Each of A and B is a real nxn matrix with:
- A+B = I (identity) and:
- rank(A)+rank(B) = n
Does each of those identities always hold?
- A2 = A
- B2 = B
- AB = BA = 0
If so, prove it.
Otherwise, provide a counterexample.
Sylvester's Rank Inequality states that if matrix A is m by n and matrix B is n by p, then rank(A)+rank(B) <= rank(A*B) + n.
We are given rank(A)+rank(B) = n, therefore rank(A*B) = 0. The only matricies with rank 0 are the zero matricies, therefore Identity 3, AB=BA=0, is true.
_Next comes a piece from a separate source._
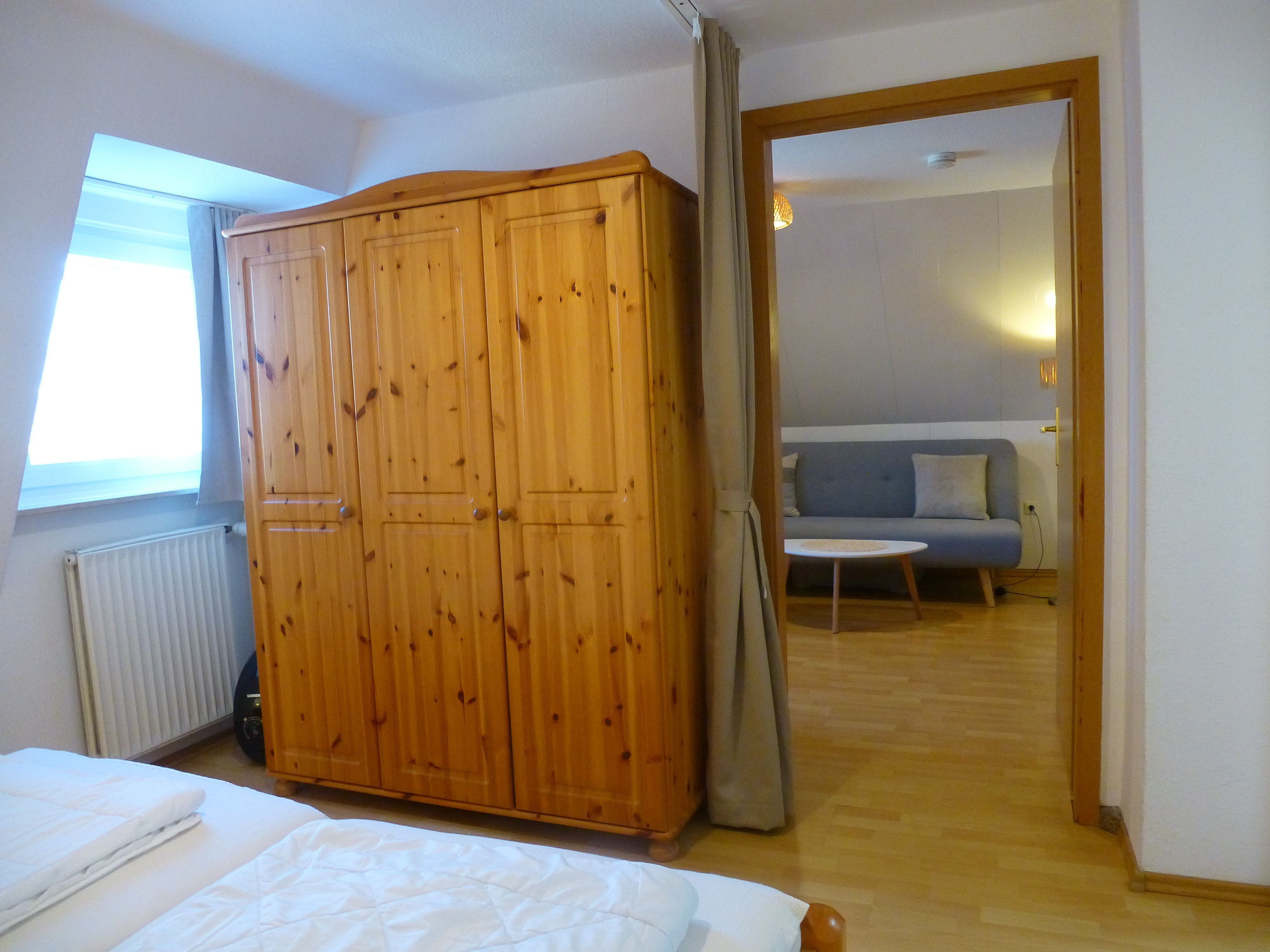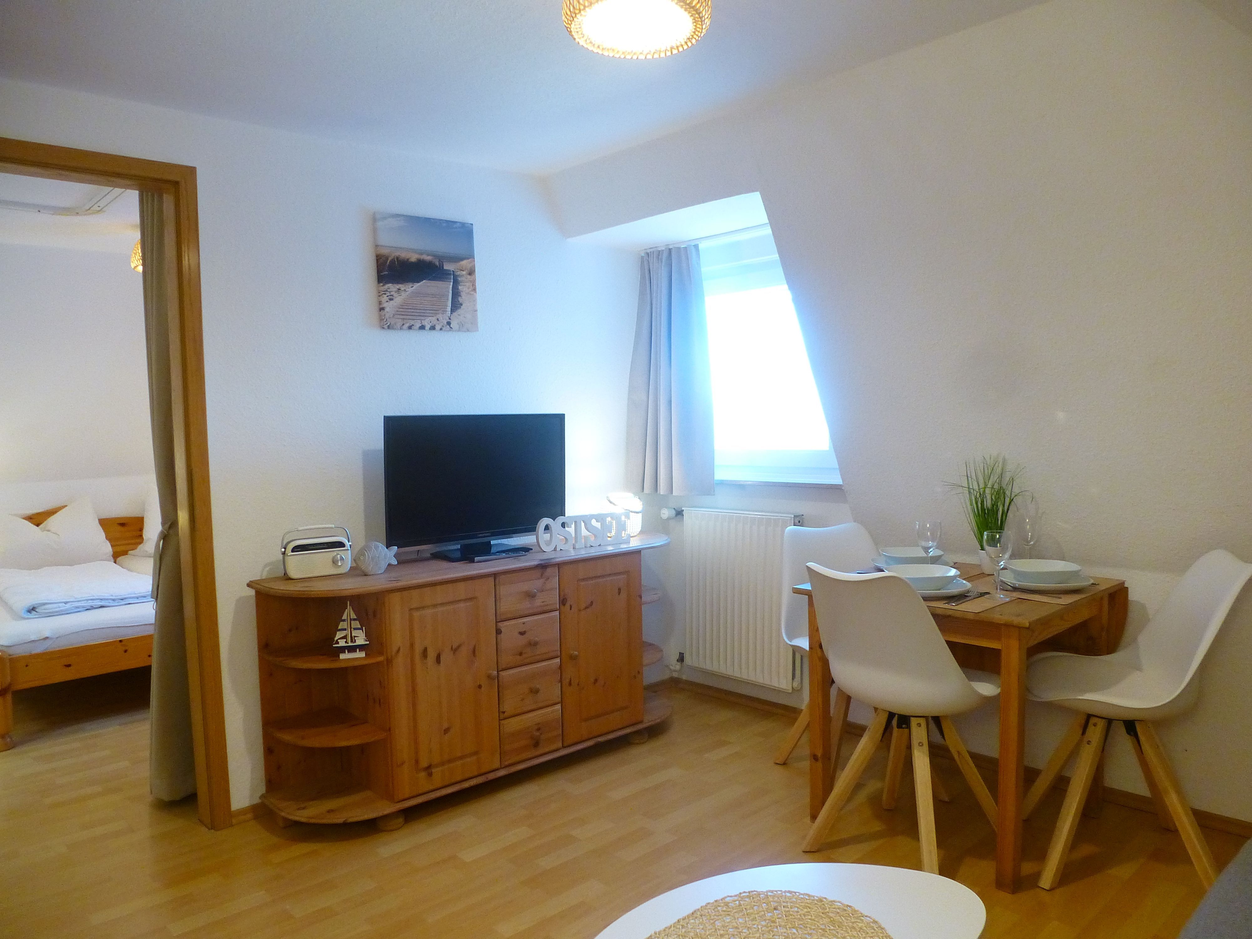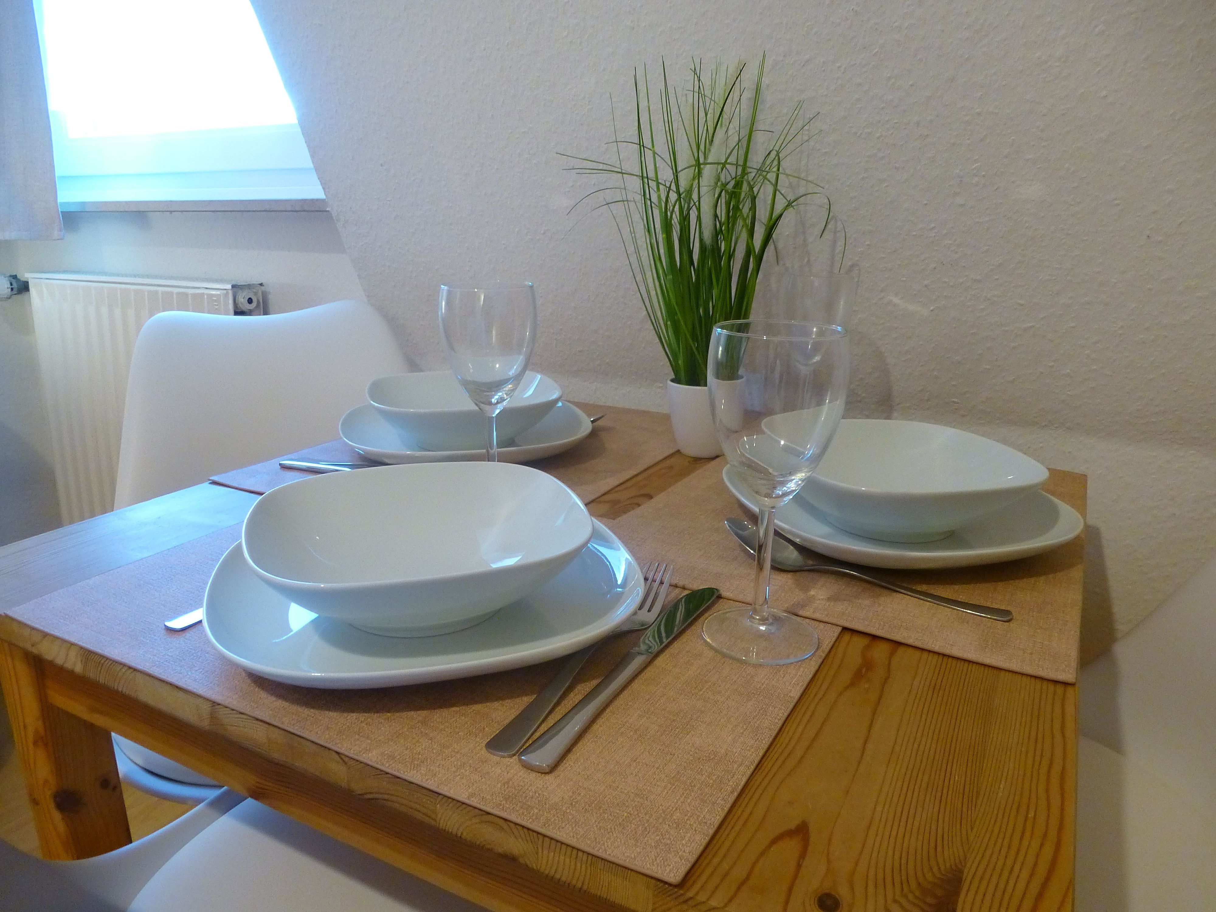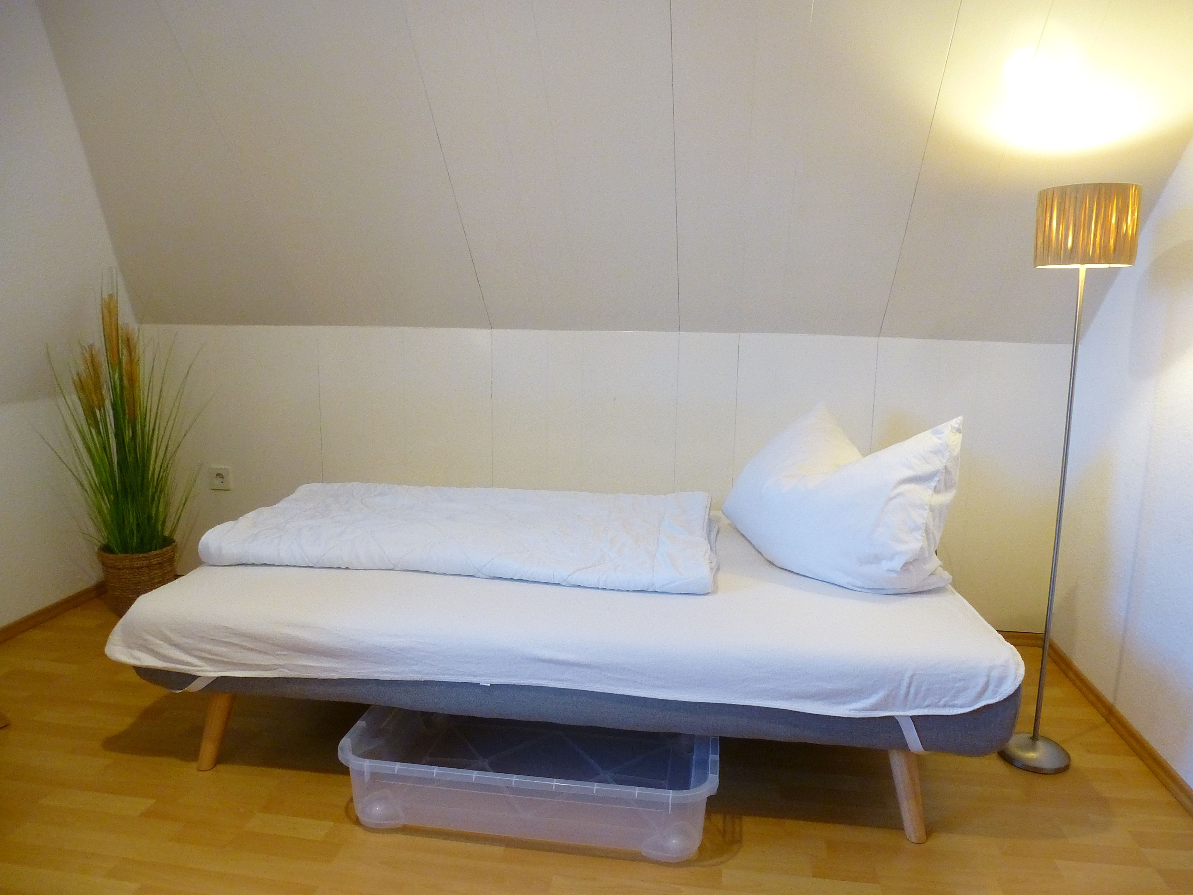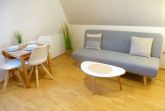 Die ca. 25 m² große Ferienwohnung befindet sich im Dachgeschoss und bietet Platz für 2-3 Personen. Sie ist klein und gemütlich. Es stehen ein Wohnzimmer, ein Schlafzimmer, eine Kochnische und ein kleines Duschbad zur Verfügung. Das Doppelbett im Schlafzimmer ist ca. 1,80 x 2,00 m groß. Im Wohnbereich ist zusätzlich ein Schlafsofa vorhanden. Die Dusche verfügt nur über eine geringe Stehhöhe bis max. 1,85. Ausstattung: WLAN, Fernseher, Kaffeemaschine, Wasserkocher, Eierkocher, Toaster. Kostenlose Parkplätze in der Nebenstraße (Nach Verfügbarkeit). Wäschepaket mit Bettwäsche, Handtüchern und Geschirrtuch bei Bedarf gegen Gebühr. Verbrauchsmaterialien (Seife, WC-Papier, Müllbeutel, etc.) sind nicht inklusive. Im Wäscheraum stehen Waschmaschine und Trockner zur Verfügung (gegen Gebühr). Die Wohnung verfügt über eine einfache Ausstattung.

Then to prove the other two identities, we can create some equalities for A^2 - B^2 and A^2 + B^2:
A^2 - B^2 = (A+B) * (A-B) = I * (A-B) = A - B
A^2 - B^2 = A - B
A+B = I = I^2 = (A+B)^2 = A^2 + AB + BA + B^2 = A^2 + B^2
A^2 + B^2 = A + B
Add the two simplified identities:
(A^2 - B^2) + (A^2 + B^2) = (A - B) + (A + B)
2A^2 = 2A
A^2 = A
This proves Identity 1. Identity 2 is proved similarly with B^2 - A^2 = B - A and A^2 + B^2 = A + B.